The user will need to download and and install the following if not present on the system (see install instructions for details):

  • java
  • xmlcalabash
  • epubcheck
  • kindlegen

Authors

  • The initial XSLT-stylesheets were written by Tor-Arne Dahl, Trude Eikebrokk and Eirik Hanssen at Oslo and Akershus University College of Applied Sciences.
  • The windows batch-files, GNU/Linux shellscripts, and the xproc-pipeline are written by Eirik Hanssen.
  • Several XSLT stylesheets used are from JATS tools developed by Wendell Piez for National Library of Medicine
  • Stylesheets developed by our project group are in the folder: jats2epub/pipeline/hioa-xslt. Some of these are vertical customizations of the JATS Tools stylesheets.

Maintainer and official website

jats2epub is hosted on: https://github.com/eirikhanssen/jats2epub Maintainer: Eirik Hanssen, Oslo and Akershus University College of Applied Sciences Contact: eirik dot hanssen at hioa dot no

Releases

1.0-RC1 (2015-10-24)

There are still some quirks that should be figured out, and the documentation needs to be updated.

  • Now possible to run jats2epub from any folder, provided it is installed correctly.
  • Now toc.ncx (navigation aid) will include navigation links to all the headings in the article
  • Tweaking of the typography of the epub.
  • 3rd party applications have to be downloaded separately (see install instructions):
    • xmlcalabash
    • epubcheck
    • kindlegen

v0.9 (2014-04-16)

This is the working version that was ready at the time of submitting the article. It should work out of the box if java is installed. Some limitations that have been fixed later are:

  • Only possible to run the jats2epub command from within the source folder
  • Incomplete toc.ncx (navigation aid)
  • Many 3rd party applications were included, this increased the download size but also allowed jats2epub to run 'out of the box'

Status updates

1.0-RC1 (2015-10-24)

Removed 3rd party programs from the package

I have also removed 3rd party tools from the package, and instead I provide instructions on how to get/install the 3rd party applications on windows and Gnu/Linux like systems.

An advantage of getting the 3rd party applications separately directly from the source is that you can update them and jats2epub independently. I also think getting applications directly from the ones developing them is the right thing to do.

This means that xmlcalabash and epubcheck is no longer distributed in this package.

Some of the utils previously included for windows compatibility are no longer necessary:

  • UnixUtils date.exe used to make a timestamp has been replaced with my own timestamp generator written in java.
  • zip.exe used for packing epub archive has been dropped since I realized you can pack epub archives with epubcheck.

In the v0.9 release, on windows, I used a commandline zip-utility to pack the epub-archive.
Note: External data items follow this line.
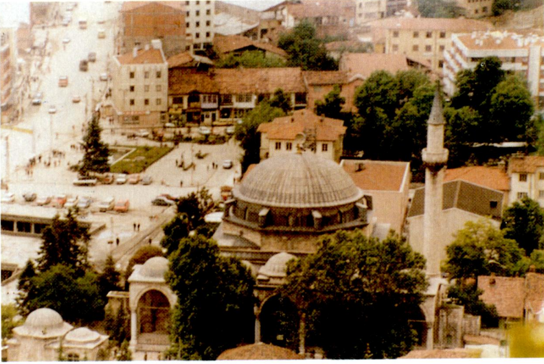
Ek XV - Tokat Ali Paşa Camii.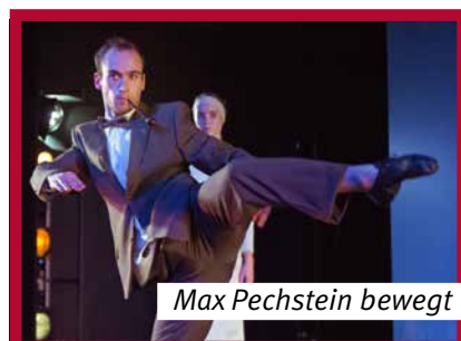
Max Pechstein bewegt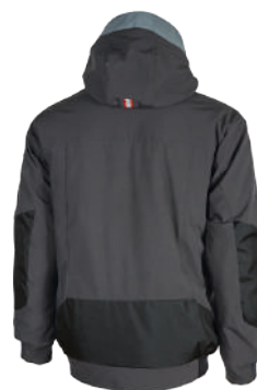
code PE113GM col. GREY METEORITE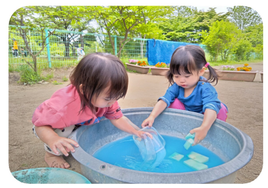
ぶどうジュース出来上がり。カップですくって、「ハイ ドーゾ。」すぎのこ組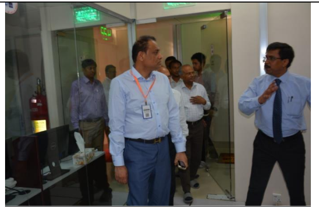
মাননীয় ভূমি প্রতিমন্ত্রী জনাব মোঃ সাইফুজ্জামান চৌধুরী কর্তৃক ১১ এপ্রিল ২০১৭ তারিখে ভূমি রেকর্ড ও জরিপ অধিদপ্তরের কেন্দ্রীয় ডাটা সেন্টার পরিদর্শন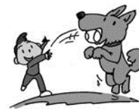
catch a ball

Step3 他の特徴を書いてみよう。(色や体の特徴など。can/can't を使ってもいいよ)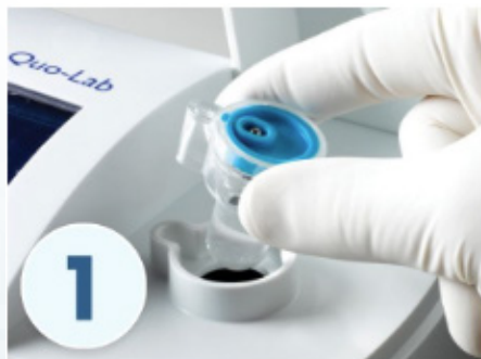
1. Indsæt kassetten i analyseapparatet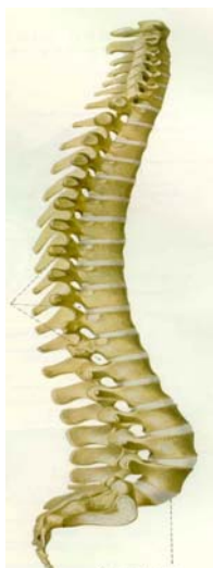
Figuur 1: de wervelkolom

De wervelkolom is opgebouwd uit zeven nekwerfels, twaalf borstwerfels, vijf lendenwerfels, het heiligbeen (sacrale werfels, vergroeid) en het staartbeen (coccygeale werfels, vergroeid), zie ook figuur 1. Tussen de werfels liggen de tussenwervelschijven. Deze zijn belangrijk voor de beweeglijkheid van de wervelkolom en vangen onder andere schokken op. Het ruggenmerg bevindt zich in het wervelkanaal, dat als een holle buis in de wervelkolom ligt. Het ruggenmerg geeft ter hoogte van iedere wervel twee zenuwwortels af, waarbij er steeds één links en één rechts tussen de werfels door het wervelkanaal verlaat.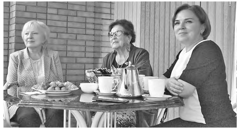
Почётные гости праздничного торжества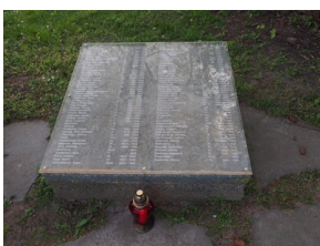
Wyprawa do Niemiec na uroczystości 79. rocznicy oswobodzenia KL Ravensbrück.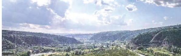
塞上江南·美丽村庄。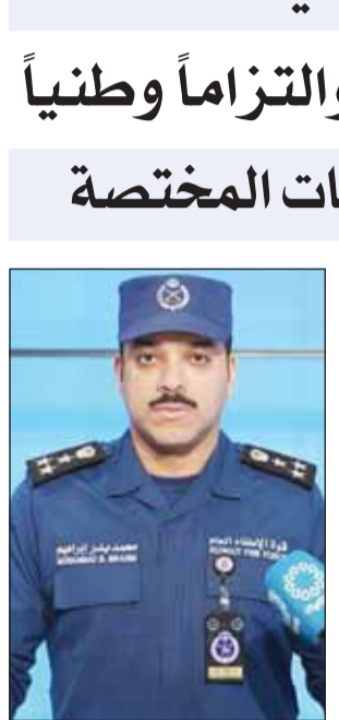
العقيد محمد الفرج

"الدفاع": وحدات الجيش تنفذ مهامها وواجباتها الوطنية بكفاءة عالية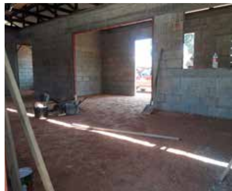
18 september de crèche van binnen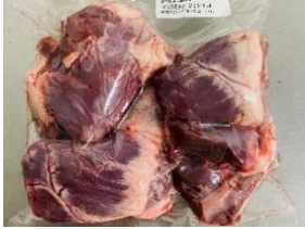
Tim heo túi CK ~1kg 豚ハツ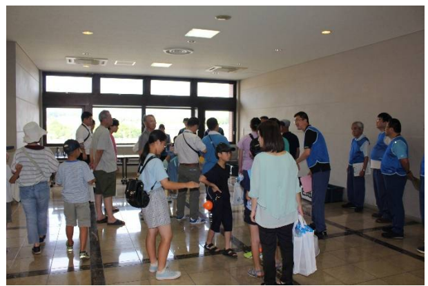
施設見学案内の集合場所

Later I have learned that epubcheck that is used to validate an epub archive, can also be used to pack the expanded epub archive to a .epub file. date.exe from unix utils was needed on windows to generate a timestamp for filename creation.

I had some issues where I couldn't run this in a work environment because of group policies enforced by administrators, so I wrote a small java .jar program to generate a timestamp. This is included and used by the jats2epub.bat file for windows users.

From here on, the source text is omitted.